Ländermonitoring Frühkindliche Bildung
Für jedes zweite Kita-Kind fehlt Fachpersonal
Der alljährliche Ländervergleich der Bertelsmann-Stiftung über Frühkindliche Bildungssysteme erschien nach der Sommerpause. Er bescheinigt Baden-Württembergs Kindertageseinrichtung bundesweit erneut den günstigsten Personalschlüssel hinter Bremen. Wenn man sich allerdings Gruppengröße, Qualifikationsniveau des Personals und Leitungszeit anschaut, gibt Baden-Württemberg ein anderes Bild ab.
Der günstige Personalschlüssel in Kindertageseinrichtungen in Baden-Württemberg darf laut dem Ländermonitoring Frühkindlicher Bildungssysteme 2020 nicht darüber hinwegtäuschen, dass in vielen Einrichtungen im Land der Bildungsauftrag nicht oder nur eingeschränkt umgesetzt werden kann. Grund dafür sind unzureichende Rahmenbedingungen und fehlendes Fachpersonal.
Die Bertelsmann-Stiftung kritisiert, dass die Gruppengrößen und die Personalausstattung nicht überall kindgerecht seien. Zu beanstanden ist nach Bildungsexpertin Kathrin Bock-Formular auch das niedrige Qualifikationsniveau der Fachkräfte. In Baden-Württemberg müsse mehr für die frühkindliche Bildung getan werden.
Nach wissenschaftlichen Erkenntnissen sollte eine Kitagruppe nicht mehr als 12 jüngere Kinder bzw. nicht mehr als 18 ältere Kinder umfassen, um Stress für Kinder und Fachpersonal zu vermeiden und faire Bildungschancen zu ermöglichen. Laut Ländermonitoring überschreiten in Baden-Württemberg 43 Prozent aller Gruppen die wissenschaftlichen Vorgaben. Erfreulicherweise betrifft das nur etwa 1 Prozent der Krippengruppen, jedoch etwa 8 Prozent der unter Dreijährigen und alarmierende zwei Drittel aller Kitagruppen (ab Dreijährige, teilweise gemischt mit Zweijährigen). Die Gruppengrößen in Baden-Württembergs Kitas müssten nach Ansicht der Bertelsmann-Stiftung daher dringend verkleinert werden.

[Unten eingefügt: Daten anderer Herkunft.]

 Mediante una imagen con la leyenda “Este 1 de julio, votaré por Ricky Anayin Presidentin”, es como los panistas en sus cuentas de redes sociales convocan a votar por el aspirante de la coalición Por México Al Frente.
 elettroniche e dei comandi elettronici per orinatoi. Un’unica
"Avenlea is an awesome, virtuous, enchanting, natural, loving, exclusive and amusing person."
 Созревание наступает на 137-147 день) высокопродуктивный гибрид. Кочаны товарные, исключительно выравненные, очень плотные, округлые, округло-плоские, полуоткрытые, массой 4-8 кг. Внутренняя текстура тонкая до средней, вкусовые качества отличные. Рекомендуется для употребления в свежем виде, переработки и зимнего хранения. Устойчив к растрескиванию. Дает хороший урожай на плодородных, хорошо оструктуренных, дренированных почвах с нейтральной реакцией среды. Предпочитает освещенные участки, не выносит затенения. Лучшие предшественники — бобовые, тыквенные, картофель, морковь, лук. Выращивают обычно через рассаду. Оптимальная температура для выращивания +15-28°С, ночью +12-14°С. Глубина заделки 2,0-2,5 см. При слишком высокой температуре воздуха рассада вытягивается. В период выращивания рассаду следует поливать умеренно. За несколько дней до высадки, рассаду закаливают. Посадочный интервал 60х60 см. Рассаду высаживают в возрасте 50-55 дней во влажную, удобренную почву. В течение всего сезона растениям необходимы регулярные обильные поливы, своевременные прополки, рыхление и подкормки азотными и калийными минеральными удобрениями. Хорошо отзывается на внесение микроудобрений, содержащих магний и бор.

Laut Studie erhielten Kinder im Flächenland zwar statistisch gesehen die intensivste Betreuung, allerdings nicht überall. Die Bildungschancen hingen vom Wohnort ab. So sei in Mannheim rein rechnerisch eine Fachkraft bei einem Personalschlüssel von 1:8,4 für 2,3 Kindergartenkinder mehr verantwortlich als in den Städten Karlsruhe oder Freiburg (1:6,1). In Krippen sei das Gefälle etwas geringer und reiche von Mannheim, wo eine Fachkraft 4 Kinder betreue bis zum Landkreis Heidenheim mit einem Betreuungsdurchschnitt von 2,7 Krippenkindern. Gerechte Bildungschancen für alle Kinder sehen anders aus.

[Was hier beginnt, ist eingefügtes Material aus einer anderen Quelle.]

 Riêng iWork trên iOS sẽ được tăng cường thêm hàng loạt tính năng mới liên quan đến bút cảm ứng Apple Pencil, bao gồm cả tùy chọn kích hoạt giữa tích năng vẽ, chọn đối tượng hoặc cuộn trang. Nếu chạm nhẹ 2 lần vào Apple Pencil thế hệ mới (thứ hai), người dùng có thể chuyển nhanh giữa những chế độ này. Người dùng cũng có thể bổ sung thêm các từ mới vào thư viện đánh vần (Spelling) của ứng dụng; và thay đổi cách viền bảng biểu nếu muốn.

Diese Zahlen stimmen auch nur dann, wenn das vorgesehene Personal tatsächlich zur Verfügung steht. Laut Studie besuche jedes zweite Kind eine Einrichtung mit zu wenig Personal, rund 138.500 Kinder würden demnach nicht kindgerecht betreut, weil Fachkräfte fehlten. Die ab Dreijährigen seien mit 52 Prozent etwas häufiger betroffen als die unter Dreijährigen (42 Prozent). Was nützt ein guter Personalschlüssel auf dem Papier, wenn die Stellen nicht besetzt werden können? Die GEW Baden-Württemberg macht seit Jahren auf den eklatanten Fachkräftemangel in Baden-Württembergs Kitas aufmerksam und fordert eine umfassende Fachkräfteoffensive, die eine Höherqualifizierung der Fachkräfte in den Blick nehmen muss. Den Bedarf nach einem dringenden Ausbau der Studienkapazitäten für Kindheitspädagog*innen beispielsweise ignoriert das Land seit Jahren.
Verständlich ist das nicht. Nachweislich hängt die Qualität in Kindertageseinrichtungen stark vom Qualifikationsniveau der Beschäftigten ab. In Baden-Württemberg gibt es etwa 92.300 pädagogische Mitarbeitende, 68 Prozent davon sind als Erzieher*innen ausgebildet. Das liegt etwa im Durchschnitt der westdeutschen Bundesländer, aber weit unter dem Qualifikationsniveau ostdeutscher Bundesländer. Dort haben 82 Prozent der Beschäftigten eine Fachschulausbildung. Mit Assistenzniveau (Sozialassistenz, Kinderpflege) arbeiten 9 Prozent der Beschäftigten (westdeutscher Durchschnitt sind 16 Prozent, ostdeutscher Durchschnitt 2 Prozent), nur 5 Prozent haben einen Hochschulabschluss, 3 Prozent hingegen keinen Abschluss. Und mit 7 Prozent Personal ohne fachliche Ausbildung führt Baden-Württemberg mit Hamburg bundesweit die Spitze an.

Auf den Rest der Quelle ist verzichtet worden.